A slow murmur rose among
the spectators and persisted in spite of the senior judge’s stern gaze.
"Professor Barbarigo, do you wish to question the claimant?"
"Yes, your Honor." He came over to her, standing to her left, halfway between her and the dais. "Lady Chiara, did you ever participate in any lewd or blasphemous plays?"
"No, a few of the short skits I Magnifici presented, contain, what the French call ‘double entendres’, harmless fun that some people may disapprove of, but we never spoke lewd words or performed lewd acts. I have played in a religious play presented to monks in a Benedictine monastery."
"Is it not true that I Magnifici are mainly known for their performances of commedia erudita?"
"Yes, I Magnifici have been invited to perform comedies by the Latin playwrights Plautus and Terrence, as well as a classical Greek tragedy, by many illustrious noble and merchant families in all major cities in Tuscany and beyond — Casa Medici, Buondelmonti, Albizzi, Giandonati in Florence, Casa Tolomei, Salimbeni, Piccolomini in Siena, Benincasa in Monte Pulciano, Lord Baglione in Perugia, Casa Farnese in Rome, Casa d’Este of Ferrara, to name just a few."
"And were you in fact the person who translated these plays from Latin into the Tuscan vernacular?"

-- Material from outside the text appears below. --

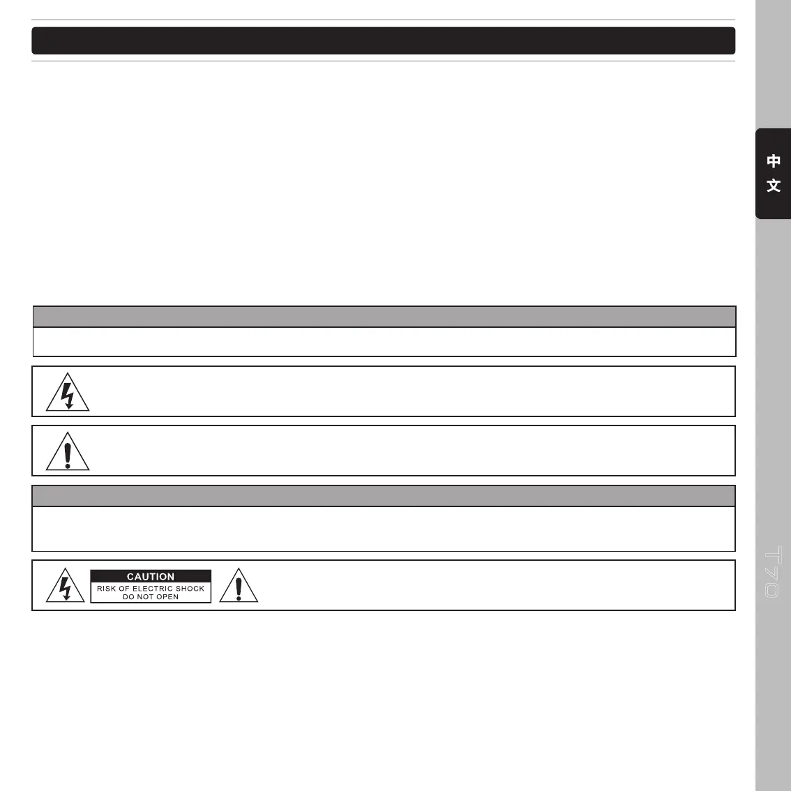 注意:嚴禁打開機蓋以降低觸電的風險。維修及更換零件請諮詢維修中心

"Yes, esteemed Professor."
"Your Honor, I submit that none of these illustrious houses would have invited a troupe of ill-repute." He briefly paused, taking a deep breath, before turning back to her. "Lady Chiara, is it true that you extracted ten thousand florins from Signor Niccolo Sanguanero under false pretenses?"
"Yes, Professor."
"Tell the tribunal why you did this."
"I feared that no tribunal would believe me if I accused Signor Sanguanero of violating me, nor of having stolen all my mother’s jewels. It would be the word of a young girl, who ran away from a marriage contract, against the word of a respected Sienese citizen. If I wanted justice and redress, I had to get it myself. So I set out to destroy Casa Sanguanero as a merchant house in punishment for what Signor Sanguanero had done to me. I do not see myself as the owner of the money I extracted from them, but only as its guardian. It will be used for good causes, to help people in need."